Vérifiez si toutes les électrodes sont en contact avec le support dans le panneau inférieur gauche étiqueté Configuration du puits. Si les électrodes ne sont pas correctement connectées, ajustez la plaque dans le support avant de commencer la mesure. Sélectionnez maintenant le type de plaque dans le même panneau en cliquant sur Type de tableau.
Ensuite, préparez deux pipettes réglées à deux microlitres et 150 microlitres de volume. Avant de commencer la stimulation, appuyez sur Marquer dans le logiciel et placez un commentaire. Pour stimuler les cellules, retirez le couvercle et placez-le sur une surface stérile à l’intérieur de l’incubateur.
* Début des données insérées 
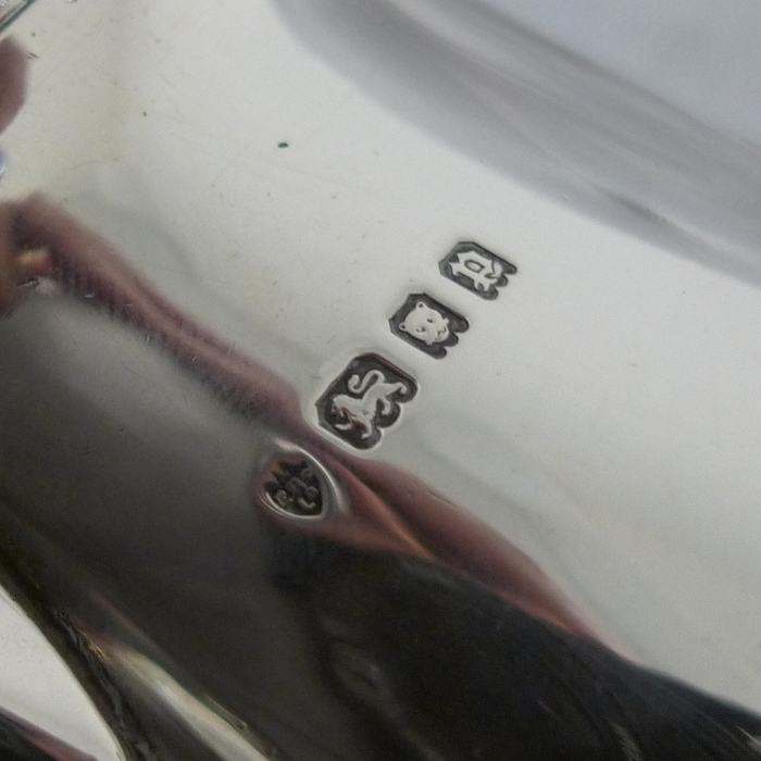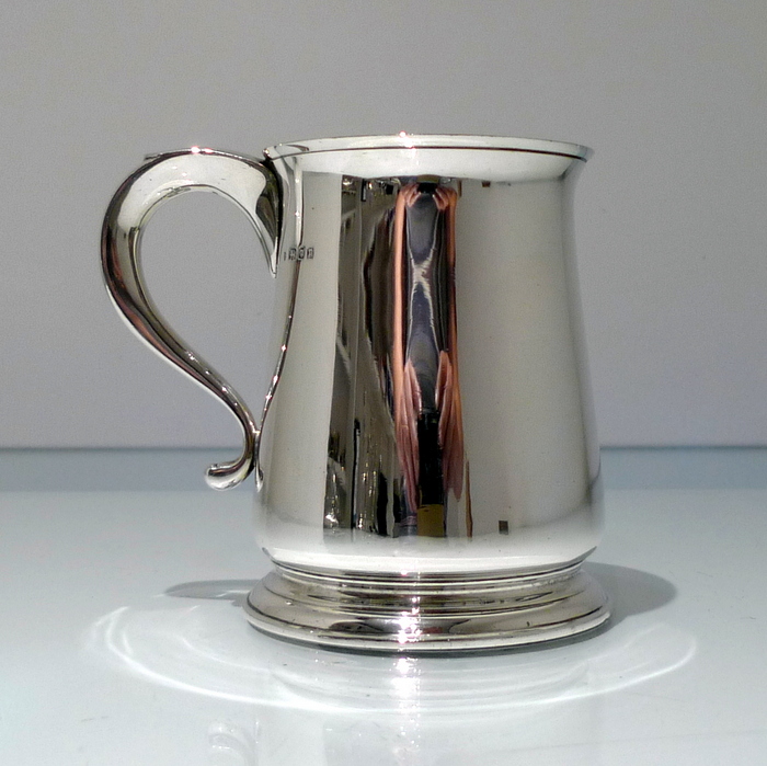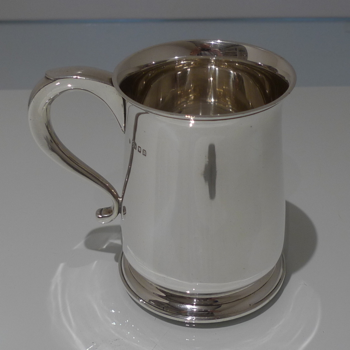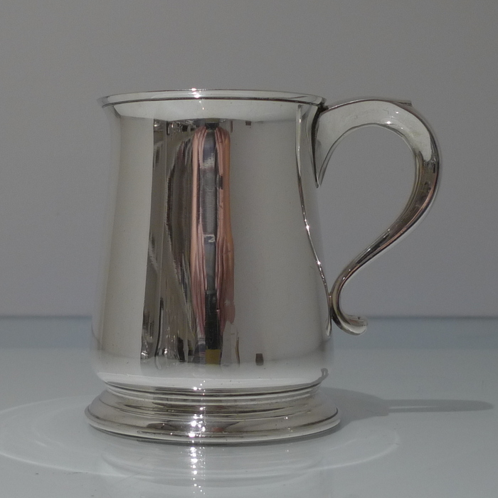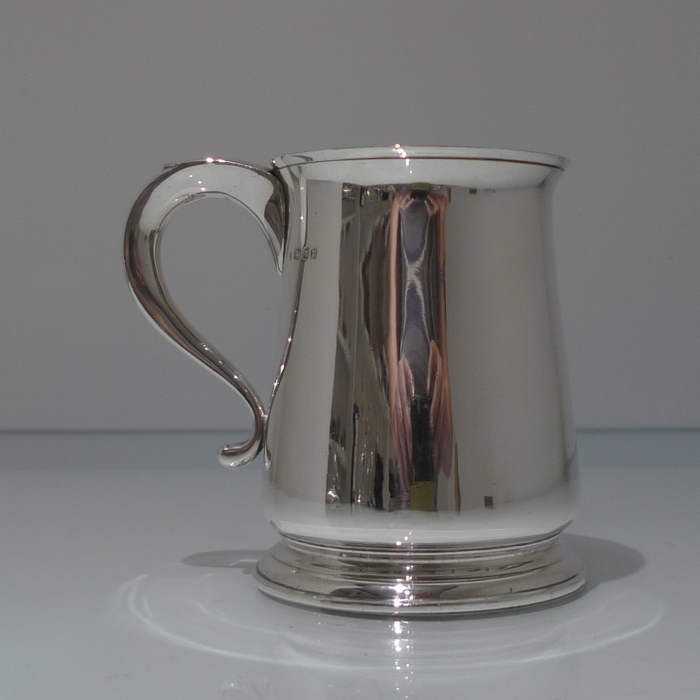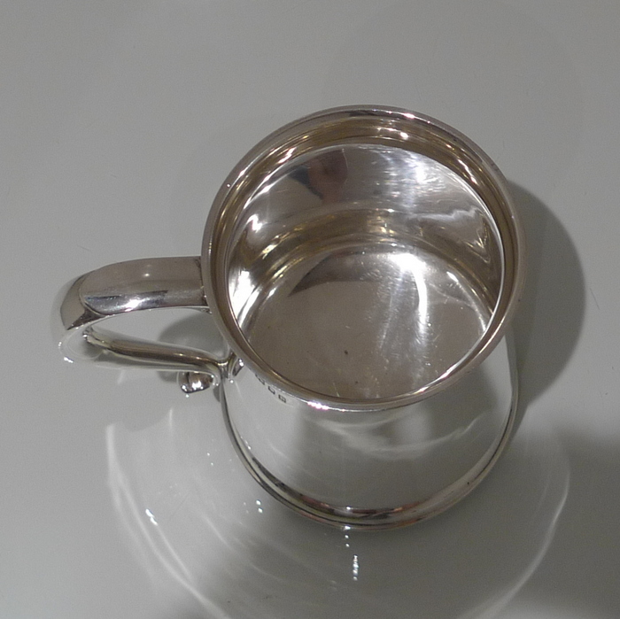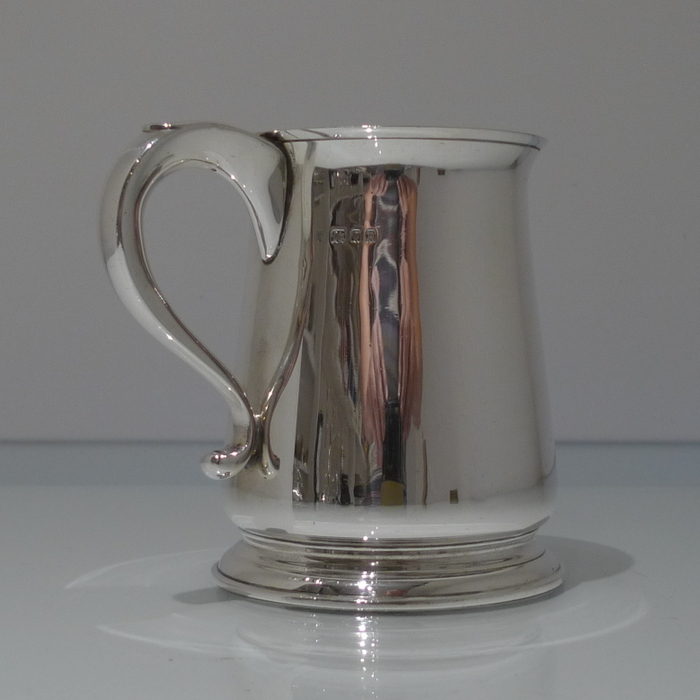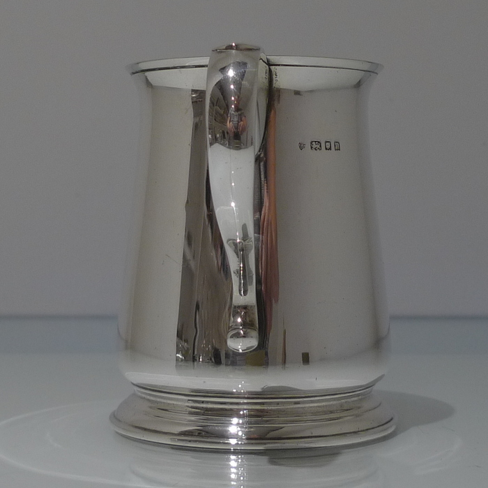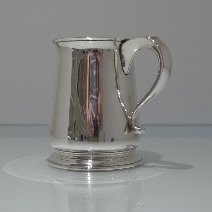 An elegant George V plain formed silver pint mug tapering at the angles of the bowl for overall visual design. Â The handle is scroll formed and is crowned with a sheet formed thumb piece.

Ensuite, induisez la contraction de SMC en pipetant deux microlitres de la solution de travail d’ionomycine dans chaque puits le plus rapidement possible. Une fois que toutes les cellules ont été stimulées, mélanger le milieu dans les puits à l’aide de la deuxième pipette. Pour déterminer la reproductibilité de la mesure interexpérimentale, deux mesures indépendantes de toutes les lignées cellulaires de contrôle et de patients incluses ont été tracées sous la forme d’un diagramme de Bland-Altman, démontrant que cette méthode ne montrait pas de variabilité en dehors de l’intervalle de confiance, à l’exception d’une lignée cellulaire aberrante.
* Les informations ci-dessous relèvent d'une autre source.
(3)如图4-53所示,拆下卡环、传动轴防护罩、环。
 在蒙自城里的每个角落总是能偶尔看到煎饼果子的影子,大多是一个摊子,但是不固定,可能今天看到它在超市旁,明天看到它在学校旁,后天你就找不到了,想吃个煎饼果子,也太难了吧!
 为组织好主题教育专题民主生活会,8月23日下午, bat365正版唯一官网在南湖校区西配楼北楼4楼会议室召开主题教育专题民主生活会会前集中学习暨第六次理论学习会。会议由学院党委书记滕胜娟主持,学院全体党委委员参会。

Deux puits ensemencés avec la même expérience et stimulés simultanément ont montré pratiquement la même courbe de réponse contractuelle. Pour valider si la réponse montrée était une contraction et non un stress osmotique en raison de la stimulation à l’ionomycine, le milieu a été remplacé après la stimulation et le comportement des cellules a été enregistré, ce qui a montré que les cellules stimulées ont recommencé à se propager sur l’électrode. La réponse contractile dans les SMC dérivées d’aortes saines et non dilatées a montré une réponse médiane de 61% par rapport à la réponse médiane de 52% des patients atteints d’anévrisme de l’aorte abdominale.
La réponse contractile moyenne du groupe témoin a été utilisée pour identifier quatre patients qui avaient des valeurs de contraction inférieures aux valeurs normales. L’analyse par transfert western et la quantification subséquente ont confirmé que les cellules expriment des marqueurs SMC. Pour déterminer la capacité proliférative du SMC, la qPCR a été réalisée pour Ki67.
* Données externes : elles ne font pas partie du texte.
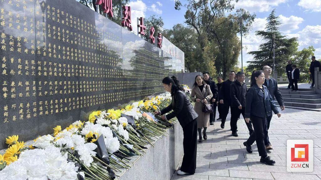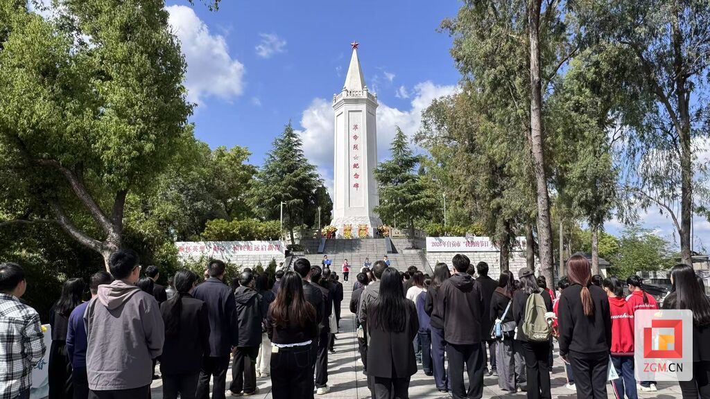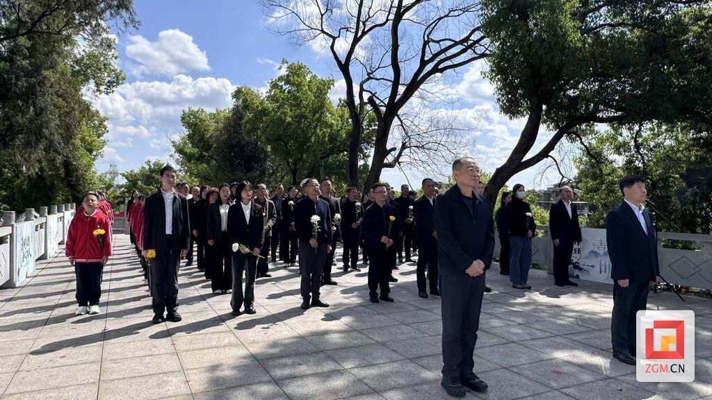 在向烈士敬献花篮仪式上,中共自贡市委宣传部、市退役军人事务局分管负责人整理了花篮缎带,全体人员向烈士纪念碑行鞠躬礼,并瞻仰烈士纪念碑,敬献手花,表达了对英烈的无限哀思和崇高敬意。
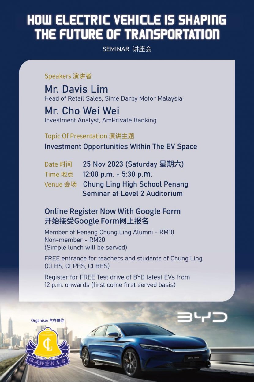 槟城锺灵校友会将于11月25日举办BYD讲座会以提升校友们在电动汽车方面的知识及促进彼此之间的交流,详情及流程如下。
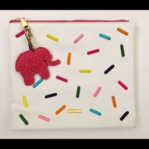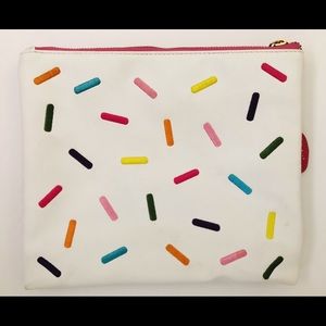 Sprinkle Clutch - white zip with embroidered rainbow-colored sprinkles

L’expression de Ki67 était détectable dans toutes les cellules, mais n’était pas corrélée avec la sortie contractile. Lorsque vous stimulez les cellules pour la contraction, n’oubliez pas de ne pas pipeter trop de puits en même temps et d’essayer de pipeter le plus rapidement possible. Cette procédure peut nécessiter un peu de pratique.
En utilisant cette méthode, nous avons divisé les patients en fonction de leur contraction et pour abaisser la contraction normale, ce qui nous a permis d’étudier ces patients et les liens avec leurs caractéristiques cliniques telles que le tabagisme.